I would read the free list often, but I never went to pick anything up. Just like the MC list, I had some compulsion to see every post (or at least every title). I felt like it was my responsibility to see all that craigslist had to offer and filter it down for my friends. Scrolling through page after page, all you’re really looking for is the familiar post that says: “You’ve seen all this before, so you can stop now.” The only thing I ever got out of the experience was a heightened sense of duty and memory recall.

Today I have a job, a car, and a girlfriend. The way I use craigslist has changed a lot. I don’t mindlessly scan, searching desperately for anything that I could use/relate to. I use focused searches and know exactly what I’m looking for before I even open my laptop.

I think there’s something about scanning craigslist that symbolizes Gen Y’s endurance of the Great Recession. Not having jobs left us feeling defeated, and we became unfocused and unspecialized. The time spent on the internet during those years of underemployment made us develop ourselves for our own sake, for a sense of completion, and not in the direction of any particular goal.

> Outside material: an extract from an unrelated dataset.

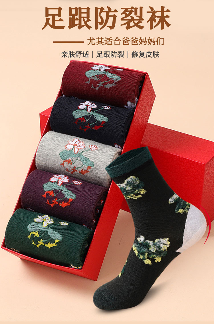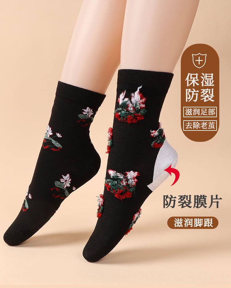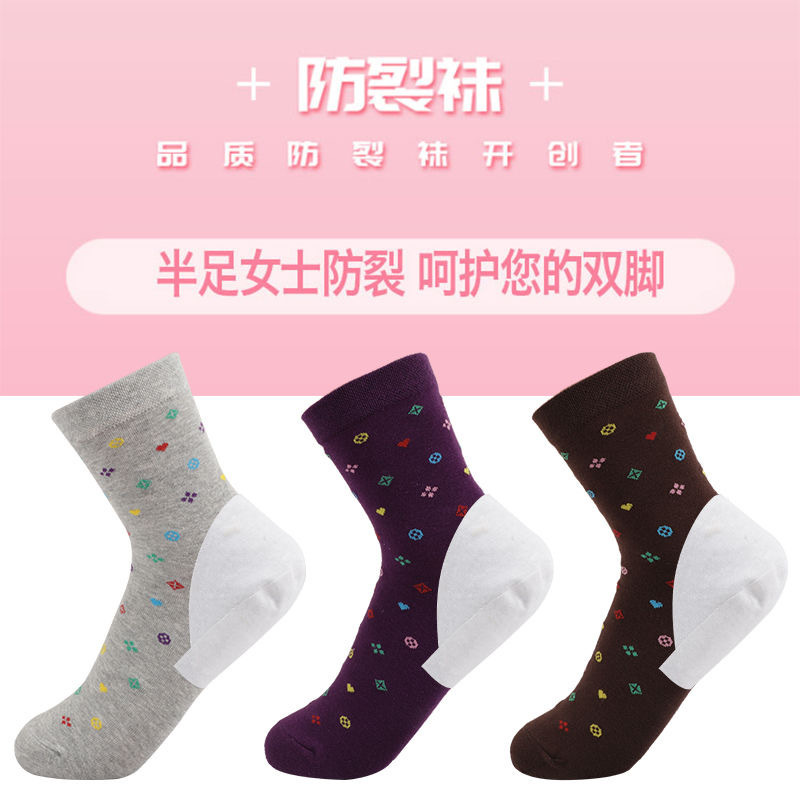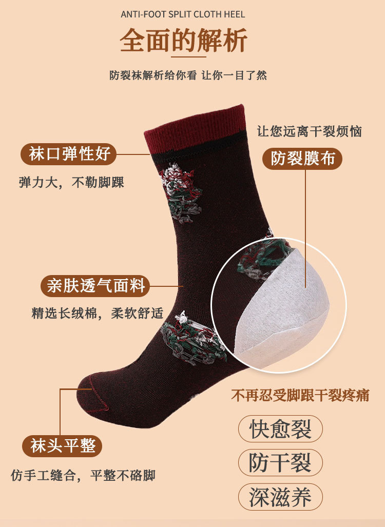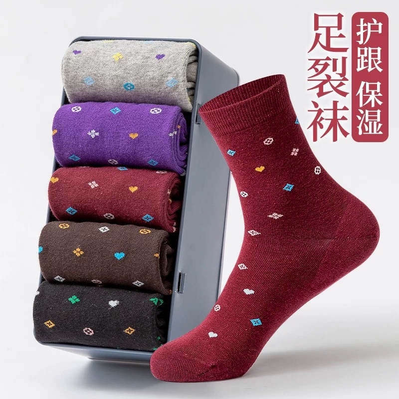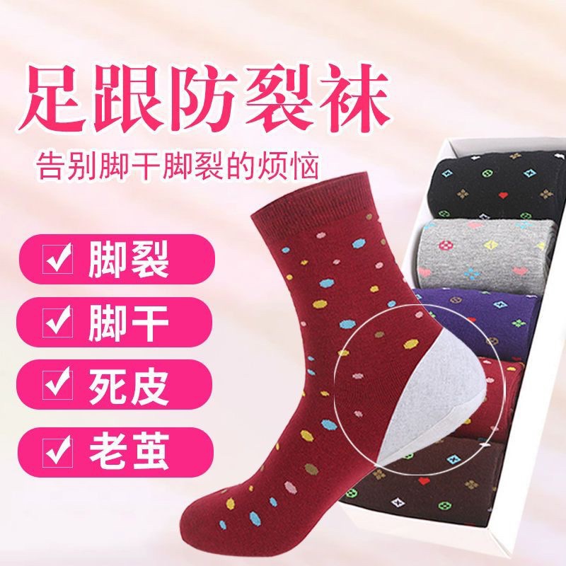 足跟防裂袜子女精梳棉中筒袜秋冬棉袜防脚后跟干裂口保湿女士长袜

That’s why I feel you see more well-rounded individuals with general knowledge in the post-recession workforce. The people with hyper-specialized knowledge were likely working during the recession and have leadership roles in their businesses today, but the people working underneath them have a more comprehensive, cosmopolitan knowledge of both intellectual details and the the bigger picture grit that comes from being pampered with knowledge by the internet while simultaneously being told you’re worthless by the world at large.